People’s Republic of China
Head of state Hu Jintao
Head of government Wen Jiabao
The authorities maintained a stranglehold on political activists, human rights defenders and online activists, subjecting many to harassment, intimidation, arbitrary detention and enforced disappearance. At least 130 people were detained or otherwise restricted to stifle criticism and prevent protests ahead of the leadership transition initiated at the18th Chinese Communist Party Congress in November. Access to justice remained elusive for many, resulting in millions of people petitioning the government to complain of injustices and seek redress outside the formal legal system. Muslims, Buddhists and Christians, who practised their religion outside officially sanctioned channels, and Falun Gong practitioners, were tortured, harassed, arbitrarily detained, imprisoned and faced other serious restrictions on their right to freedom of religion. Local governments continued to rely on land sales to fund stimulus projects that resulted in the forced eviction of thousands of people from their homes or land throughout the country. The authorities reported that they would further tighten the judicial process in death penalty cases; however thousands were executed.

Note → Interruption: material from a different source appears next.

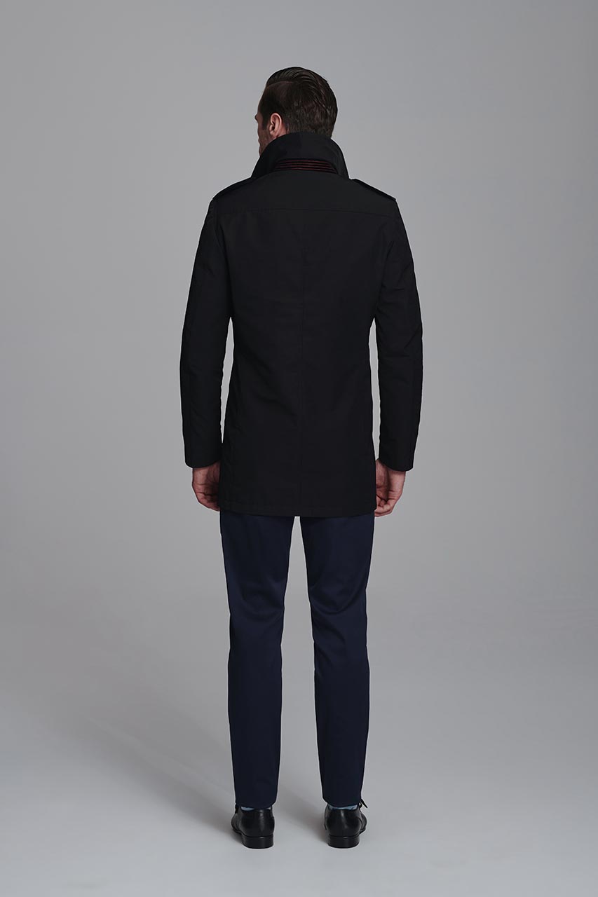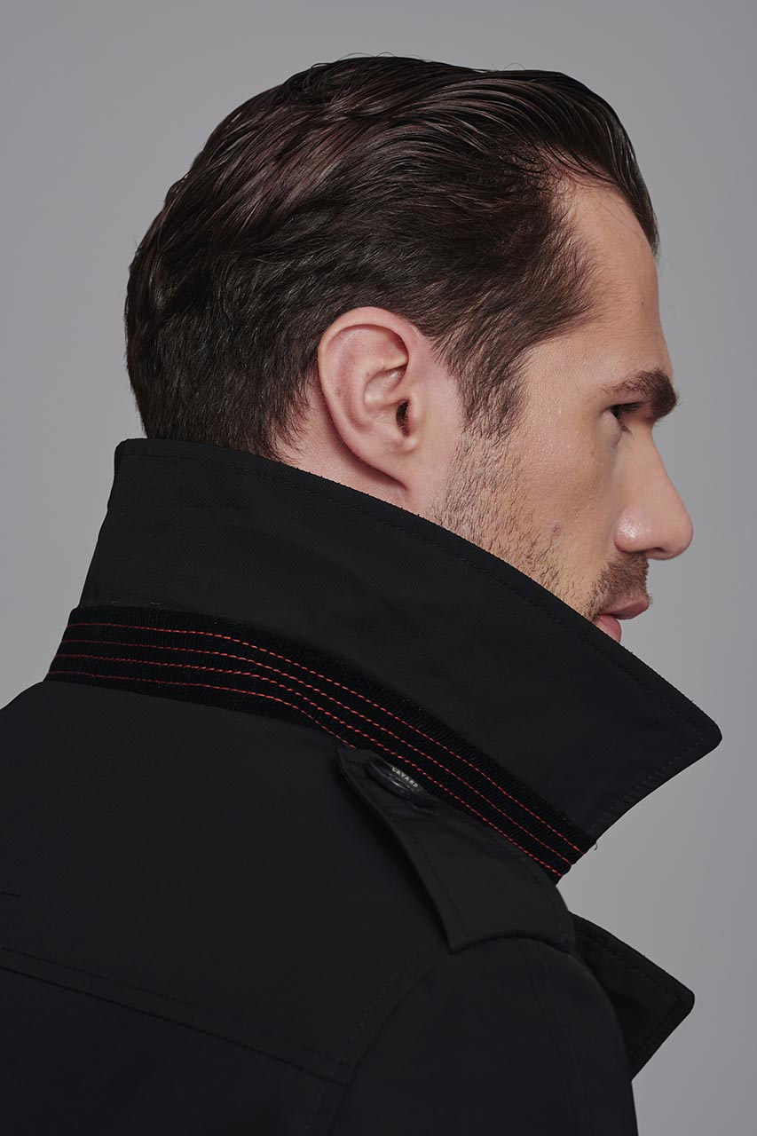 Klasyczny i ponadczasowy czarny płaszcz dwurzędowy męski. Posiada dwie cięte kieszenie po bokach i ozdobne pagony na ramionach. Kołnierz wykończony od spodu czarnym sztruksem przeszytym nićmi w kontrastowym czerwonym odcieniu. Uniwersalny fason płaszcza sprawia, że doskonale prezentuje się on z garniturem jak i z mniej formalnym zestawem.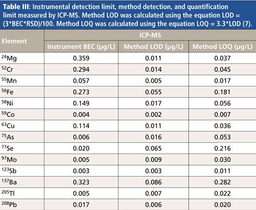 Table III presents the instrumental background equivalent concentration (BEC), method limit of detection (LOD), and method limit of quantification (LOQ) for all 14 elements in this study. BEC was measured directly by ICP-MS during the run, method LOD was calculated as 3.3 times the standard deviation of triplicate analyses of the calibration blank, and the method LOQ was calculated as 10 times the standard deviation of the triplicate analyses of the calibration blank (7). To summarize, the instrument BEC for all elements was within the range of 0.006–0.359 μg/L, and the method LOD was demonstrated to be in the range between 0.002–0.086 μg/L.

The Chinese Communist Party made its first official top leadership change in 10 years at the 18th Chinese Communist Party Congress (CCPC) in November. Xi Jinping was promoted to party leader and Li Keqiang to the second ranked member of the Communist Party Politburo Standing Committee. The two were expected to replace, respectively, President Hu Jintao and Premier Wen Jiabao, in March 2013.
The state continued to use the criminal justice system to punish its critics. Hundreds of individuals and groups were sentenced to long prison terms or sent to Re-education Through Labour (RTL) camps for peacefully exercising their rights to freedom of expression and freedom of belief. People were frequently charged with “endangering state security”, “inciting subversion of state power” and “leaking state secrets”, and were sentenced to long prison terms, in many cases, for posting blogs online or communicating information overseas that was deemed sensitive.
Lawyers who took on controversial cases faced harassment and threats from the authorities and, in some cases, the loss of professional licences, severely curtailing people’s access to justice.
Criminal defendants faced routine violations of the right to a fair trial and other rights, including denial of access to their lawyers and family, detention beyond legally allowed time frames, and torture and other ill-treatment in detention. The use of torture to extract confessions remained widespread.
Revisions to the Criminal Procedure Law, adopted in March to be effective 1 January 2013, introduced strengthened protections for juvenile criminal suspects and defendants, and those with mental disabilities. However, for the first time, the revisions authorized police to detain suspects for up to six months for certain types of crimes, including “endangering state security”, without notifying the suspect’s family of the location or reasons for detention. The revisions therefore potentially legalized enforced disappearance.
Arbitrary arrests and detentions
Police arbitrarily deprived hundreds of thousands of people of their liberty by placing them in administrative detention, including RTL camps, without recourse to independent courts.
The authorities operated hundreds of places of detention, including “black jails” and Legal Education Training Centres where they held thousands arbitrarily, and where torture, sometimes leading to death, was an established method of “correction” or deterrence.